Numerical simulation and experimental study on the dust separation performance of the dust removal apparatus in straw feed harvesters

Xiao, Z., Tian, H., Wan, D., Zhuo, C., Zhao, K., and Yu, Y. (2025). "Numerical simulation and experimental study on the dust separation performance of the dust removal apparatus in straw feed harvesters," BioResources 20(1), 1333–1344.

Abstract

To address the issue of excessive soil content in straw feed after harvesting by a straw feed harvester, this study designed a dust removal apparatus. Its optimal operating parameters were determined through a combination of numerical simulations and field experiments.
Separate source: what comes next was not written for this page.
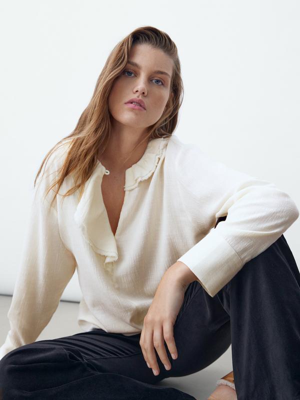 Блуза з колекції відомого іспанського бренду ! Ідеальне поєднання якості і елегантного стилю! Колір ніжно- молочний! Дуже приємна на дотик! Склад тканини: 88 % бавовна , 12 % вовна В наявності розміри XS, M .
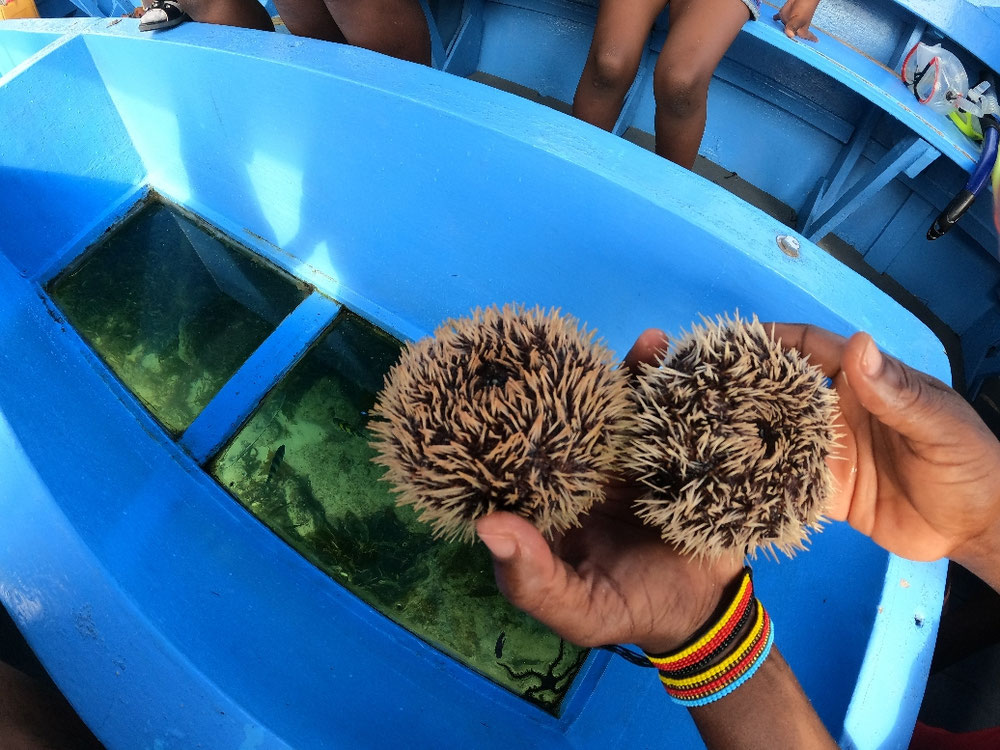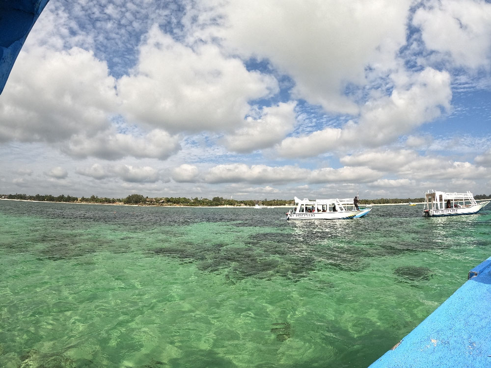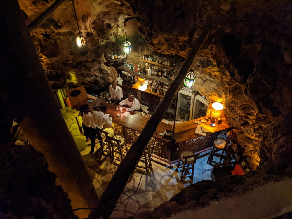 Heute standen gleich zwei Diani Beach Highlights auf dem Programm. Zunächst sind wir um 9:00h mit Ali und der MV Kongo zur vorgelagerten Sandbank zum schnorcheln gefahren. Wir haben allerlei kleine Fische, Muränen, Seesterne, Würmer und anderes Getier gesehen. Dazu noch Korallen, die waren zwar farblich nichts besonders aber immerhin lebendiger als auf den Seychellen. Danach macht Ali mit uns noch eine Runde über die Sandbank wo es noch Muscheln zu sehen gibt. Im Anschluss sehen wir uns noch an, wie die kenianischen Nichtschwimmer sich im Wasser bewegen und nach zwei Stunden mit der auflaufenden Flut geht es auch schon wieder zurück zum Strand. Für 20 Eur war das ein guter Ausflug. Danach geht es bis zum späten Nachmittag an den Pool weil um 17:30h wurden wir schon wieder abgeholt. Wir haben einen Tisch im Ali Barbour Cave Restaurant gebucht. Eine tolle Location in einer nach oben offenen Höhle wie eine Cenote in Mexico. Das war nach der Kantine im Hotel ein toller Abend in gepflegtem Ambiente. Nach einem Cocktail an der Bar lassen wir uns vom Fahrer zurück zum Hotel bringen und fallen uns Bett. Pole Pole!

Using dust removal efficiency as the evaluation criterion, the Box-Behnken experiment and variance analysis revealed that the factors influencing the dust removal efficiency of the apparatus, in order of significance, were the number of dust removal drums, the aperture of the dust sieve, and the rotational speed of the dust removal drums. The optimal parameter combination consisted of 5 dust removal drums, a dust sieve aperture of 5 mm, and a drum rotational speed of 370 r/min. The dust removal efficiency obtained from numerical simulation using these optimal parameters was 94.1%, while the field verification test yielded an efficiency of 93.5%, with a relative error of 0.64% between the two results, confirming the accuracy of the numerical simulation parameters. The optimized dust removal apparatus significantly improves the quality of straw fodder by reducing dust content, which not only enhances the efficiency of straw recycling but also supports sustainable agricultural practices, promoting both mechanization and green development in the industry.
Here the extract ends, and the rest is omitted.